On Thu, 12 Sep 2002, Giuliano Pochini wrote:
> On 11-Sep-2002 Jim Sibley wrote:
> > I have run into a situation in a multi-user Linux environment that when
> > memory is exhausted, random things happen. [...] In a "well tuned"
system,
> > we are safe, but when the system accidentally (or deliberately) becomes
> > "detuned", oom_kill is entered and arbitrarily kills a process.
>
> It's not difficult to make the kerner choose the right processes
> to kill. It's impossible.

This assumes there is only 1 "good" process to kill. In reality
there will often be a number of acceptable candidates, so we just
need to identify one of those ;)

Rik
--
Bravely reimplemented by the knights who say "NIH".

http://www.surriel.com/ http://distro.conectiva.com/

Spamtraps of the month: [email protected] [email protected]






2002-09-12 18:26:58

by Thunder from the hill

[permalink] [raw]
Subject: RE: Killing/balancing processes when overcommited

Hi,

On Thu, 12 Sep 2002, Giuliano Pochini wrote:
> It's not difficult to make the kerner choose the right processes
> to kill. It's impossible.

Not quite. But it's expensive. It adds 4 bytes per task, plus a second
OOM killer.

> Imagine that when it goes oom the system stops and asks you what
> processes have to be killed. What do you kill ?

Rather whom would you ask?

> Probably we do need an oomd that the sysadmin can configure as he likes.

That's bad, it could get killed. ;-)

Mostly the mem eaters are those who hang in an malloc() deadloop.

char *x = NULL;

/*
* We need this variable, so if we don't get it, we reallocate it
* regardless of what happened.
*/
do {
x = malloc(X_SIZE);
} while (!x);

That's possibly a candidate.

So if we just count how often per second that stubborn process uses
malloc(), you'll catch the right guy most of the time.
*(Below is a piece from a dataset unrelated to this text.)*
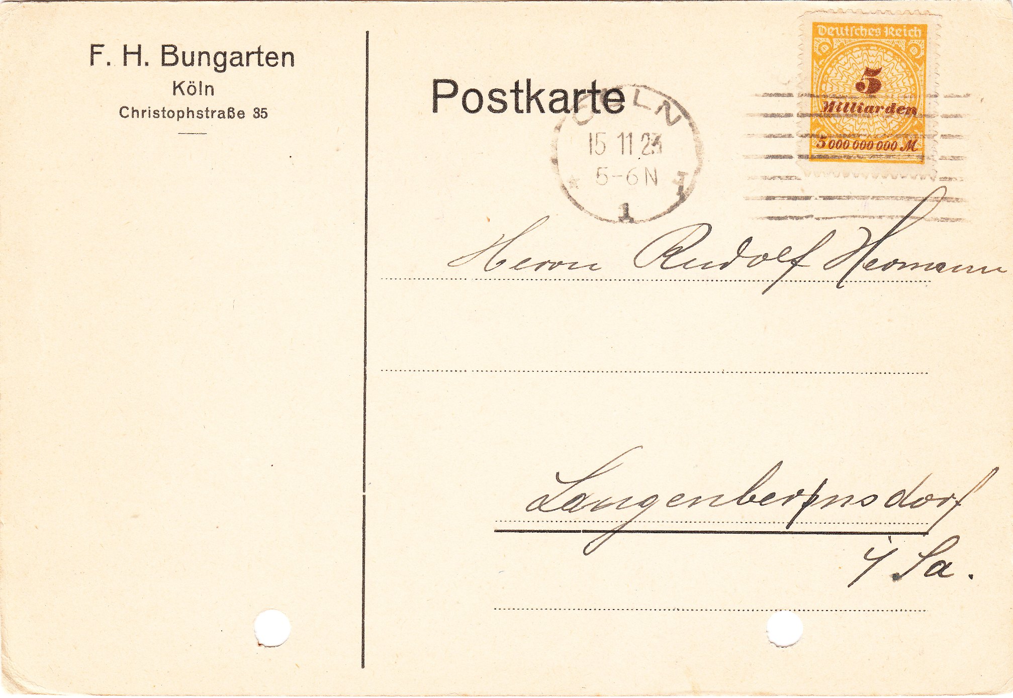 Während der kurzen Zeitspanne vom 12.11.1923 bis zum 19.11.1923, also ganze 8 Tage lang, galt für eine Postkarte im Fernverkehr die hier am 15.11.1923 als Einzelfrankatur mit einer MiNr. 327 B P dargestellte Portostufe von 5 Milliarden Mark:

If you don't get
a process that's over the threshold, do usual OOM killing...

Thunder
--
--./../...-/. -.--/---/..-/.-./..././.-../..-. .---/..-/.../- .-
--/../-./..-/-/./--..-- ../.----./.-../.-.. --./../...-/. -.--/---/..-
.- -/---/--/---/.-./.-./---/.--/.-.-.-
--./.-/-.../.-./.././.-../.-.-.-

2002-09-12 18:58:34

by Jim Sibley

[permalink] [raw]
Subject: RE: Killing/balancing processes when overcommited


The mem eaters may not be the ones really "causing the problem" as
determined by the installation. The case where I discovered this was when
someone was asking for a lot of small chunks of memory (legitemately). So
you would need a history and a total memory usage to identify who this is.
And this is not really just limited to memory.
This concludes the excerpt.